WHAT IS EXPECTED:
The reply should hold every entry exactly as written and none of the pictures.

(Records contained in a dataset)
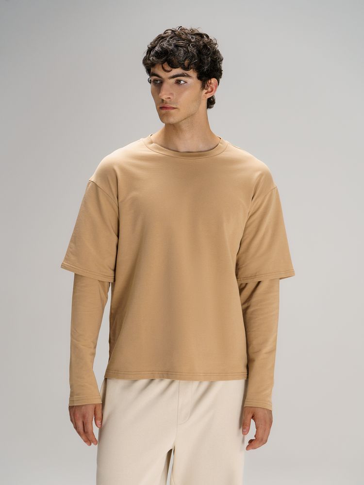 Футболка оверсайз с двойным рукавом Kosmos, бежевая
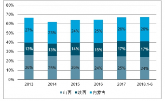 2013-2018年1-6月原煤行業(yè)產(chǎn)地分布情況
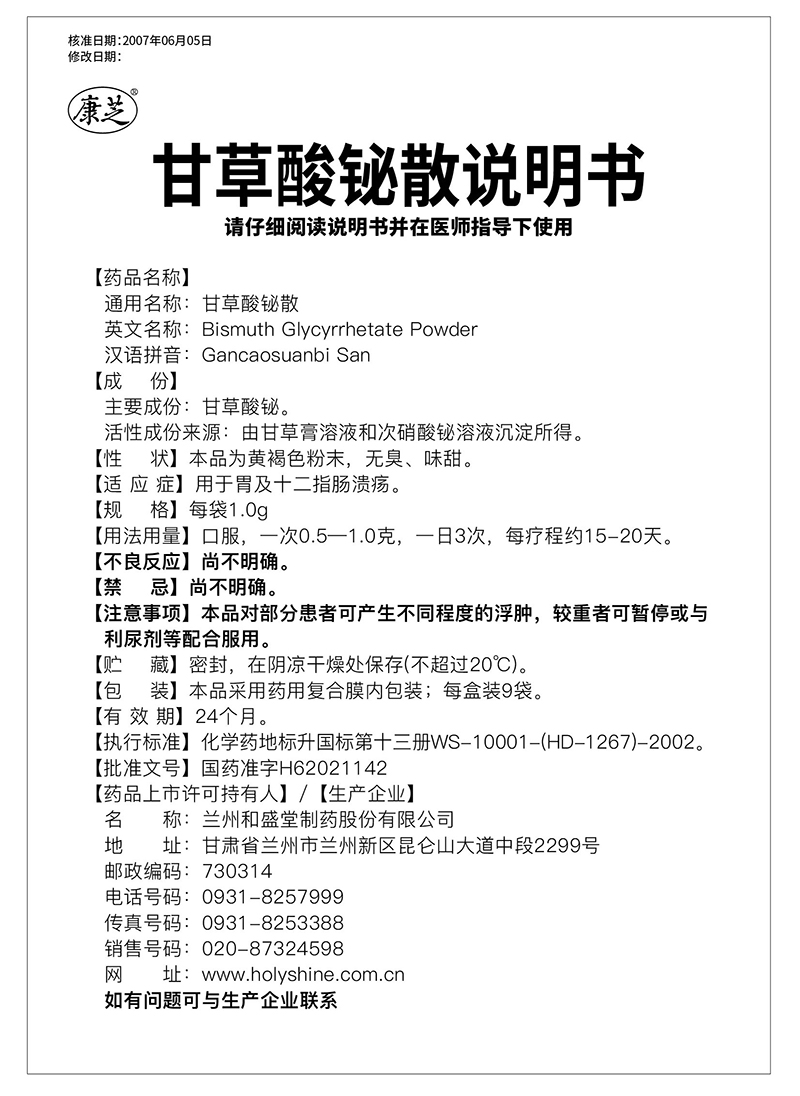 1.1g*9袋; 2.用于胃及十二指腸潰瘍。
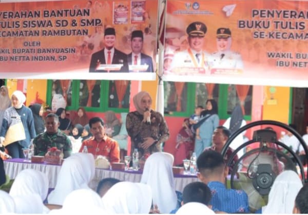 Wakil Bupati Banyuasin, Netta Indian, SP didampingi oleh Kepala Dinas Pendidikan dan Kebudayaan Banyuasin, Aminudin, S.Pd., S.IP., M.Si memberikan bantuan buku tulis untuk Sekolah Dasar (SD) dan Sekolah Menengah Pertama (SMP) Se-Kecamatan Rambutan di SD Negeri 5 Rambutan, Kabupaten Banyuasin, Kamis (16/10/2025)
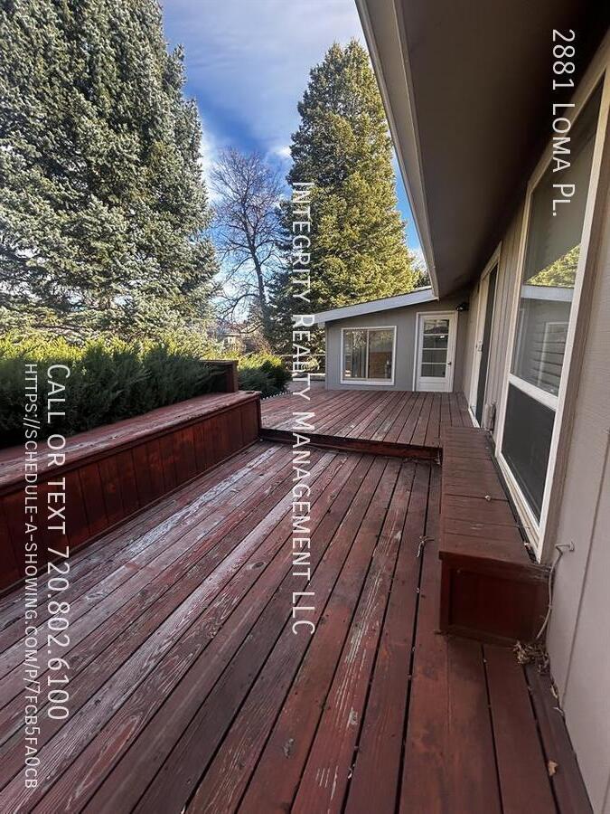 Discover your next home at 2881 Loma Place, a charming residence located in the desirable Palo Park neighborhood of Boulder, CO. This spacious and well-maintained property is perfect for those seeking a comfortable and convenient living environment. This bi-level home features a total of three bedrooms and two bathrooms, providing ample space for relaxation and privacy. The living areas are designed with a focus on comfort and functionality, including a well-equipped kitchen with a dishwasher and washer/dryer hookups. The property also boasts a finished basement, offering additional living or storage space.The home is equipped with central air conditioning to keep you cool during the warm Colorado summers. The inviting living room is perfect for entertaining guests or unwinding after a long day. The property includes a spacious two-car attached garage, providing secure parking and extra storage space. Enjoy the outdoors on the deck, which is ideal for barbecues, gatherings, or simply relaxing with a book. A shed is also available on the property, offering convenient storage for tools and outdoor equipment. The lot measures 6,281 square feet, providing a generous amount of outdoor space for various activities. The property’s exterior features durable brick veneer construction, ensuring longevity and low maintenance. Situated in the Boulder Valley Re 2 School District, this home is close to excellent educational facilities and various amenities. The Palo Park neighborhood is known for its tranquil environment and community spirit. Residents have access to nearby parks, recreational facilities, and a variety of dining and shopping options. Boulder’s prime location offers easy access to major highways, making commutes to Denver and other surrounding areas straightforward and convenient. The property is not located in a flood zone, providing additional peace of mind for renters. This property is a fantastic rental opportunity for those looking to settle in the vibrant and growing city of Boulder. With its combination of modern amenities, spacious living areas, and excellent location, 2881 Loma Place is ready to welcome you home. The Boulder rental license number is RHL-0005057. We are your Boulder Property Manager company. Per HB23-1099, a prospective tenant has the right to provide the landlord a portable tenant screening report, as defined in section 38-12-902(2.5), Colorado Revised Statutes; and if a prospective tenant provides the landlord with a portable tenant screening report, the landlord is prohibited from charging the prospective tenant a rental application fee; or charging the prospective tenant a fee for the landlord to access or use the portable tenant screening report. The portable tenant screening report must be provided to the landlord directly by the consumer reporting agency and can be no more than 30 days old. "Portable Tenant Screening Reports (PTSR)(COLORADO PROPERTIES ONLY): 1) Applicant has the right to provide Integrity Realty Management with a PTSR that is not more than 30 days old, as defined in § 38-12-902(2.5), Colorado Revised Statutes; and 2) if Applicant provides Integrity Realty Management with a PTSR, Integrity Realty Management is prohibited from: a) charging Applicant a rental application fee; or b) charging Applicant a fee for Integrity Realty Management to access or use the PTSR 2 Car Garage Ac Dog Only Enclosed Patio Fb Sprinkler System No Vaulted Ceilings Washer And Dryer Included Washer And Dryer Hook Ups

REPLY TO THE TASK:
 Футболка оверсайз с двойным рукавом Kosmos, бежевая
 2013-2018年1-6月原煤行業(yè)產(chǎn)地分布情況
 1.1g*9袋; 2.用于胃及十二指腸潰瘍。
 Wakil Bupati Banyuasin, Netta Indian, SP didampingi oleh Kepala Dinas Pendidikan dan Kebudayaan Banyuasin, Aminudin, S.Pd., S.IP., M.Si memberikan bantuan buku tulis untuk Sekolah Dasar (SD) dan Sekolah Menengah Pertama (SMP) Se-Kecamatan Rambutan di SD Negeri 5 Rambutan, Kabupaten Banyuasin, Kamis (16/10/2025)
 Discover your next home at 2881 Loma Place, a charming residence located in the desirable Palo Park neighborhood of Boulder, CO. This spacious and well-maintained property is perfect for those seeking a comfortable and convenient living environment. This bi-level home features a total of three bedrooms and two bathrooms, providing ample space for relaxation and privacy. The living areas are designed with a focus on comfort and functionality, including a well-equipped kitchen with a dishwasher and washer/dryer hookups. The property also boasts a finished basement, offering additional living or storage space.The home is equipped with central air conditioning to keep you cool during the warm Colorado summers. The inviting living room is perfect for entertaining guests or unwinding after a long day. The property includes a spacious two-car attached garage, providing secure parking and extra storage space. Enjoy the outdoors on the deck, which is ideal for barbecues, gatherings, or simply relaxing with a book. A shed is also available on the property, offering convenient storage for tools and outdoor equipment. The lot measures 6,281 square feet, providing a generous amount of outdoor space for various activities. The property’s exterior features durable brick veneer construction, ensuring longevity and low maintenance. Situated in the Boulder Valley Re 2 School District, this home is close to excellent educational facilities and various amenities. The Palo Park neighborhood is known for its tranquil environment and community spirit. Residents have access to nearby parks, recreational facilities, and a variety of dining and shopping options. Boulder’s prime location offers easy access to major highways, making commutes to Denver and other surrounding areas straightforward and convenient. The property is not located in a flood zone, providing additional peace of mind for renters. This property is a fantastic rental opportunity for those looking to settle in the vibrant and growing city of Boulder. With its combination of modern amenities, spacious living areas, and excellent location, 2881 Loma Place is ready to welcome you home. The Boulder rental license number is RHL-0005057. We are your Boulder Property Manager company. Per HB23-1099, a prospective tenant has the right to provide the landlord a portable tenant screening report, as defined in section 38-12-902(2.5), Colorado Revised Statutes; and if a prospective tenant provides the landlord with a portable tenant screening report, the landlord is prohibited from charging the prospective tenant a rental application fee; or charging the prospective tenant a fee for the landlord to access or use the portable tenant screening report. The portable tenant screening report must be provided to the landlord directly by the consumer reporting agency and can be no more than 30 days old. "Portable Tenant Screening Reports (PTSR)(COLORADO PROPERTIES ONLY): 1) Applicant has the right to provide Integrity Realty Management with a PTSR that is not more than 30 days old, as defined in § 38-12-902(2.5), Colorado Revised Statutes; and 2) if Applicant provides Integrity Realty Management with a PTSR, Integrity Realty Management is prohibited from: a) charging Applicant a rental application fee; or b) charging Applicant a fee for Integrity Realty Management to access or use the PTSR 2 Car Garage Ac Dog Only Enclosed Patio Fb Sprinkler System No Vaulted Ceilings Washer And Dryer Included Washer And Dryer Hook Ups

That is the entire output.